Quoi ? Il se fou royalement de ma tronche là ? Nan mais pourquoi il dit ça ? J'y comprend rien. Je crois qu'il y a momentanément une surcharge d'émotions et d'informations dans mon cerveau et il va vraiment falloir que je fasse une pause. Genre tout de suite. A la claire fontaine, en m'allant promener, j'ai trouver l'eau si belle que je m'y suis baigné. Il y a longtemps que je t'aime... STOP... On avait dit pause. Pas de je t'aime. Vive le vent, vive le vent, vive le vent d'hiver, sapins bleus, sapins verts et bonne année grand-mère ! Non toujours pas, là je peux pas reprendre sinon je vais exploser. Oui vas-y oui oui, OUI OUI, avec son beau taxi, pouet pouet pouet, en avant oui oui, OUI OUI c'est toi qui conduit pouet pouet pouet... Bon je crois que ça va mieux là.

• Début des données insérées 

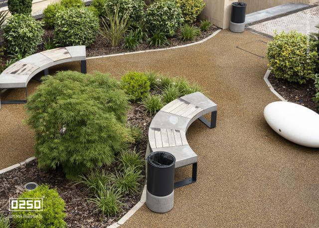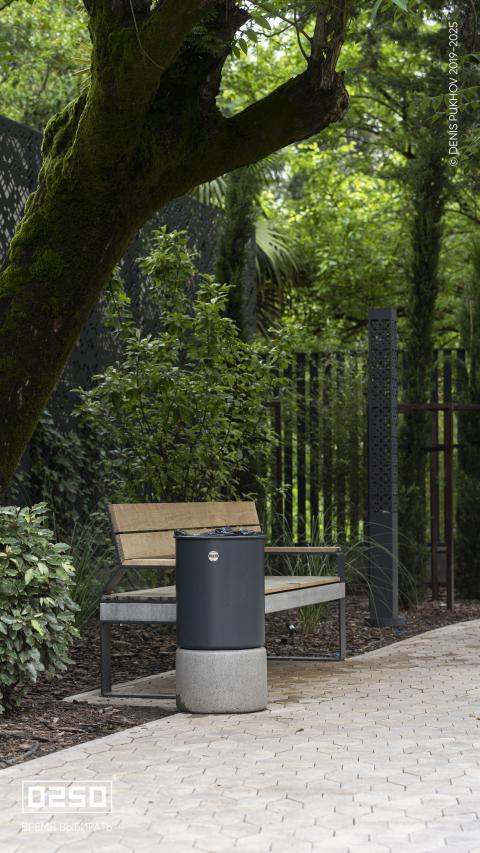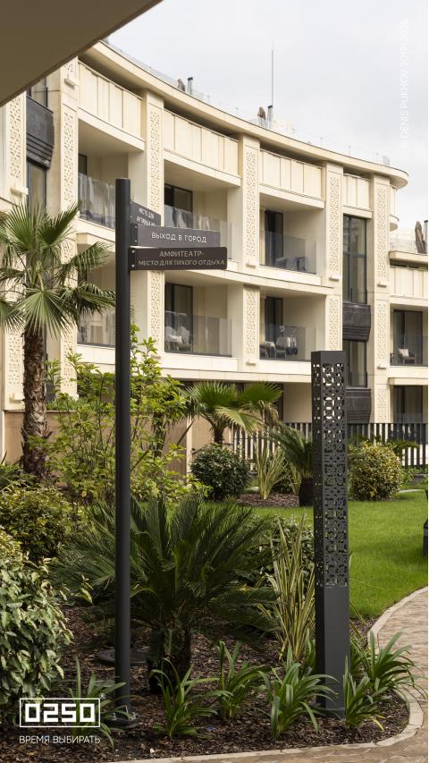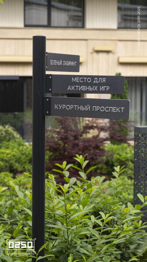 Прямые и радиальные скамьи создают точечные зоны отдыха и общения, минималистичные удобные урны помогают поддерживать чистоту, а уличные указатели – не заблудиться в инфраструктуре комплекса.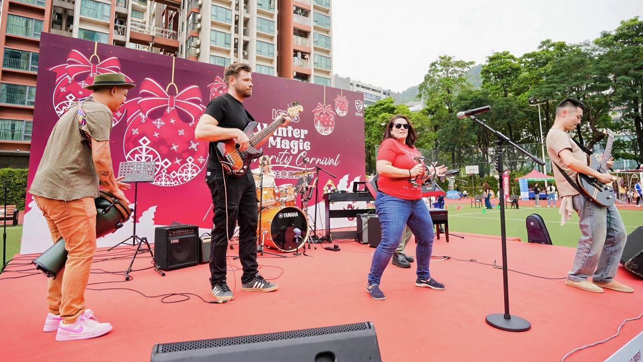 Dr. Addie Loy (2nd R), head of ISNS, joins a band performance during ISNS' Winter Magic Charity Carnival 2025 on Sunday. Photos courtesy of ISNS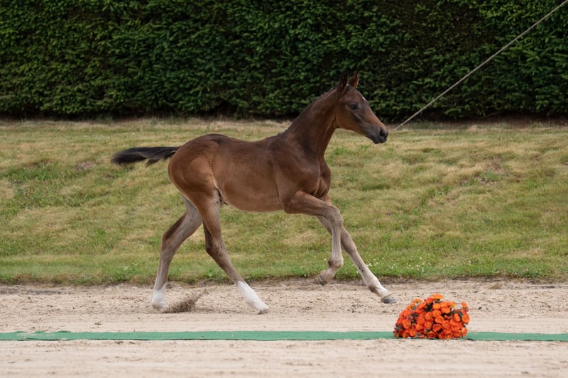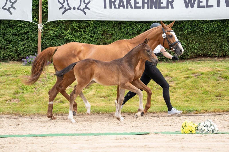 Runenmelodie O embodies athleticism and attributes shaped by blood in nearly perfect form! In her nobility, the prominence of her body parts, and the energetic movements described equally by rhythm and momentum, she is an impressive ambassador of her bloodline genetics. She is one of the very few daughters of the first-class performance-bred Ostinato xx, who has made a good name for himself in the eventing scene despite a limited breeding effort (e.g., as the sire of the eventing stars A la carte and Oskar). On the maternal side, the strong, also highly proven in eventing, son of Zauberklang, Sedar, adds to her pedigree, along with Seratino xx, another bloodline well-established in sport horse breeding. Runenmelodie O has emerged from the traditional successful lineage of Riegelstellung, making her particularly interesting for breeding.

-" C'est... C'est pas une réponse ça..."

Je suis peut être pas sur le point de m'évanouir mais bon... Je suis juste sur le point de lui sauter dessus et de lui BIIIIIIIIIIIIIIIIIIIIIP ! Attention âmes sensibles s'abstenir. Et en plus à force d'y penser je commence à sentir quelque chose dans mon bas ventre, une douce chaleur que je connais parfaitement. Dangereux jeu là ! J'écoute à moitié Ed qui dit me devoir quelque chose. Je comprend pas trop sa phrase. Il me doit quoi là ? Et sa main passe doucement derrière mon cou et m'agrippe pour qu'il puisse m'embrasser. Complètement galvanisé, je me sens survolté là. Voui je suis un peu blesser mais vous inquiétez pas, ça va passer trèèès vite. Surtout quand je pense à toutes les idées plus folles les unes que les autres qui sont en train de me traverser joyeusement l'esprit. Nos lèvres se décollent et je reste béa à le regarder.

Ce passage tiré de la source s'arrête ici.